B-Trees, large volumes of data and branching factor

B-trees can be slow

I've noticed that after a few million keys, almost all b-tree based databases starts to get slower. This applies to both Relational/ACID-compliant as well as the NoSQL DBs. I tried Harbour's BTree implementation, TokyoCabinet, SQLite and MySQL. All of them started to slow down at various stages and the maximum I could go without an unacceptable decrease in performance was close to 40 million keys with TokyoCabinet in my 2GB RAM laptop.

Large branching factor = better performance

A binary tree is a tree which has two children per node, and has a time complexity of O (log₂ N) for any search operation. B-tree is a variation of binary tree in which there are M number of children per node. It thus achieves a time complexity of O (log_M N) for each search operation. M is called fanout or Branching factor. A large branching factor is the reason why the b-tree is a fast data structure.

When the number of keys (N) crosses a certain bound, the height of the tree will increase and every search/insert might need to traverse one more level. If this level is not in memory, the operation will need a disk access. Since disk access is expensive, this leads to bad performance. Thus,

Efficiency of a B-tree ∝ Available memory / F(N).

F(N) is a function on the number of keys and gives the height of the b-tree.

This leads us to the branching factor - given enough memory, increasing the branching factor will make each level of the tree hold more nodes and thus reduce the b-tree's height. Fewer levels means fewer disk access (if any) and better performance.

Disproportionally large branching factor = decreased performance

In an ideal world, to cope with larger values of N, we could simply increase the branching factor and individual node capacity to maintain the performance of the B-tree.

But the b-tree structure becomes a burden if the branching factor is so big that the first few levels cannot be completely held in memory. At this stage, accessing each level can trigger a page-fault causing disk swapping and very poor performance.

Two major concerns here are :

1. Limited Memory: The b-tree parameters are limited by the available memory. Since all search starts from the top, we need the first level of nodes to be completely in memory. More the number of nodes thats fits in main memory, the lesser the need for disk seeks. But scaling physical memory is an expensive proposition and infeasible beyond a point.

Solution: Sharding

Beyond splitting db load, there is a huge advantage with sharding - sharding a b-tree storage enables us to limit the number of keys that a single b-tree need to hold. Thus each b-tree will produce optimal performance.

Sharding the database along with its b-tree indices into different physical machine is one of the most effective scaling solutions for growing data volumes.

MongoDB uses this approach, and seems to be scaling very well judging from a few instances of MongoDB in production use.

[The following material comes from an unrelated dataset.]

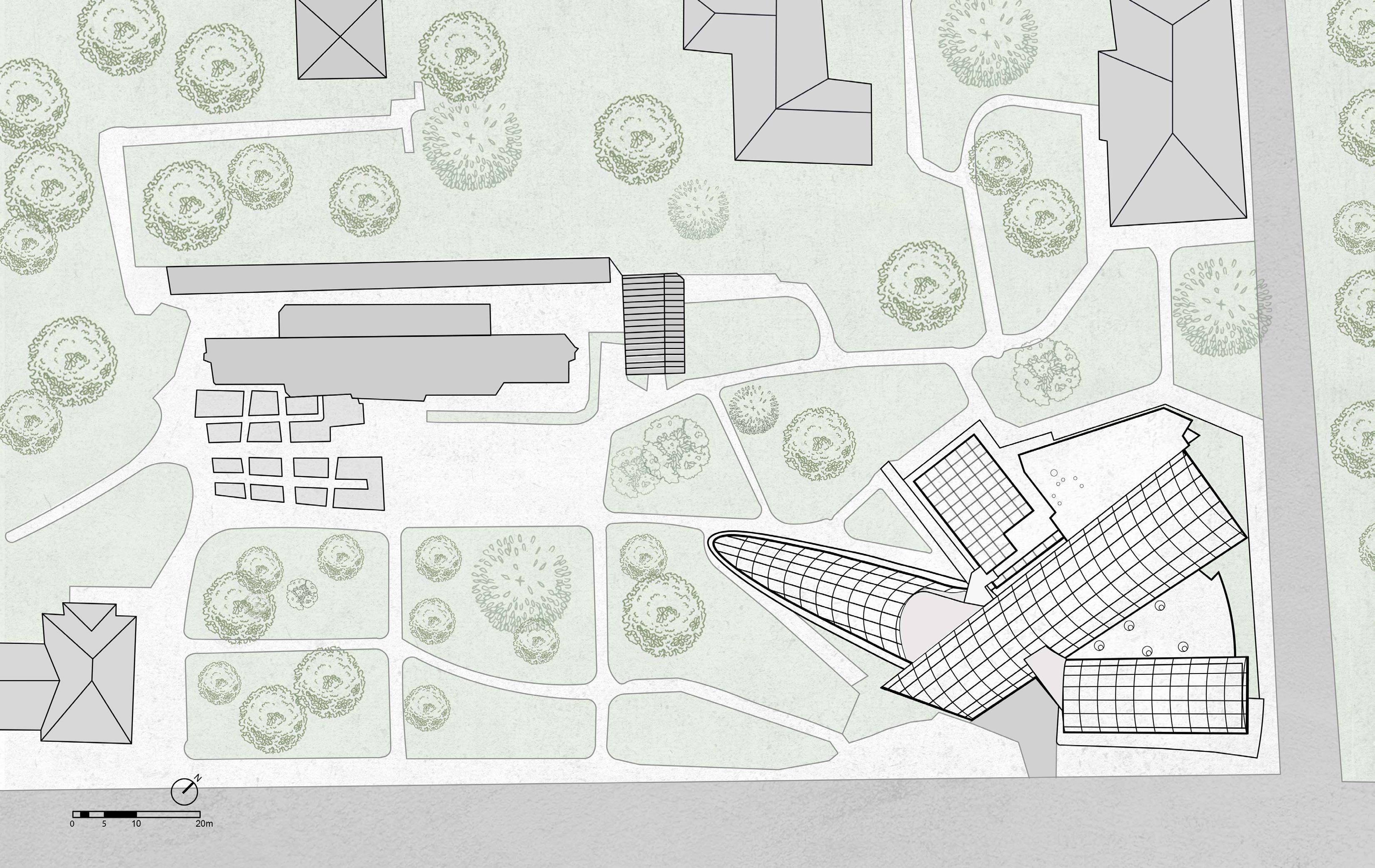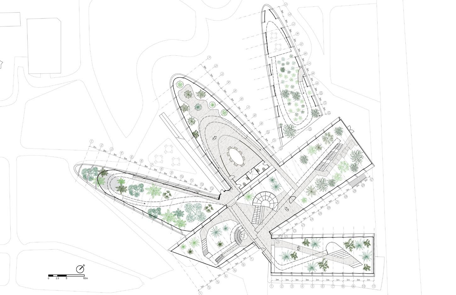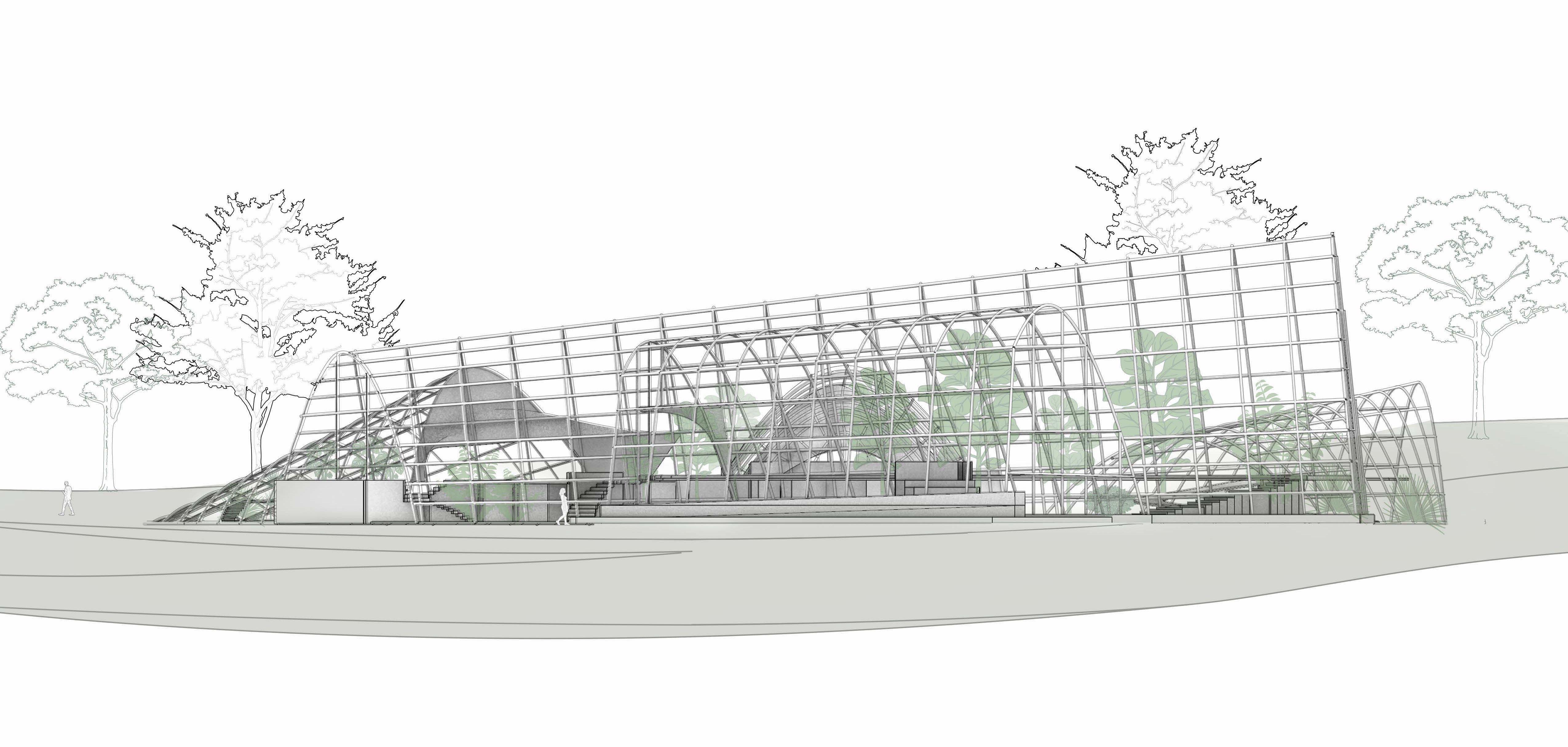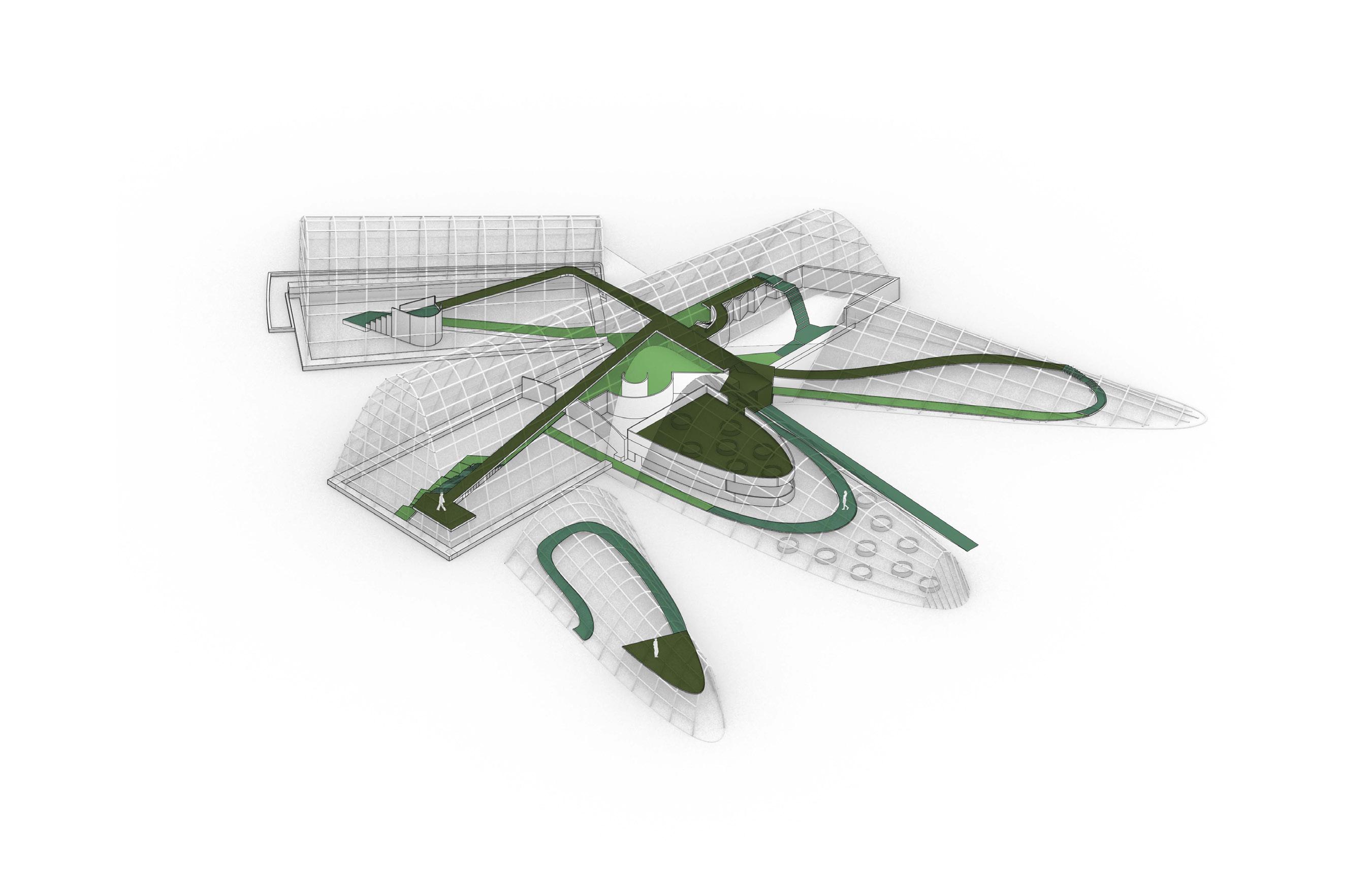 The goal of our expansion and adaptation is to integrate the new buildings with the existing ones while improving the technology and innovation of the new structures. Since the existing botanical garden is located at a University, we decided to incorporate a community garden as the complementary program.

2. Databases need constant tuning: Changing the database system parameters (branching factor, shards, indexes) etc. usually require downtime. Having scaling related down-times is a major pain and we are still yet to see a db that tunes itself to increasing data volumes.

Solution: Cache-oblivious structures and algorithms

The implementation of most algorithms that deal with large volumes of data makes advantage of the caching characteristics of the target machine. For example in B-trees, the branching factor should be such that a complete level of node should completely fit in the main memory. Cache-oblivious algorithms remove the dependency on the cache characteristics of the platform and implement data structures like b-tree to perform well in diverse memory architectures.

Prof. Charles E. Leiserson of MIT heads the Supercomputing technologies group which is doing pioneering research into cache-oblivious algorithms. There are quite a few papers on this topic at the MIT SuperTech website.

The primary authors of the cache-oblivious B-tree papers at CSAIL, Michael A. Bender, Martin Farach-Colton and Bradley Kuszmaul have founded Tokutek, which built a product based on cache-oblivious b-trees - TokuDB an add-on database engine to MySQL that implements fractal tree which is claimed to perform orders better than either InnoDB/MyISAM at high data volumes. Though shipped with MySQL, the implementation is not open-source.

Conclusion

B-trees are one of the most used data-structures in computing. However they are not a silver-bullet for every kind of data storage and retrieval problem. Developers still need to go down a few levels of abstraction and tune the database to gain the most from the DB. Sharding is a viable solution but it requires the application to be tailored to shard the dataset according to properly identified key fields. Cache-oblivious b-trees are yet to become widely available in mainstream databases.

It has been about 30 years since the first commercial RDBMS (Ingres) by Michael Stonebraker became popular, and the relational model of database with b-tree as its preferred storage structure chugged along. However in recent years, the demands of realtime web-scale applications have paved way for more research and changes in the database landscape.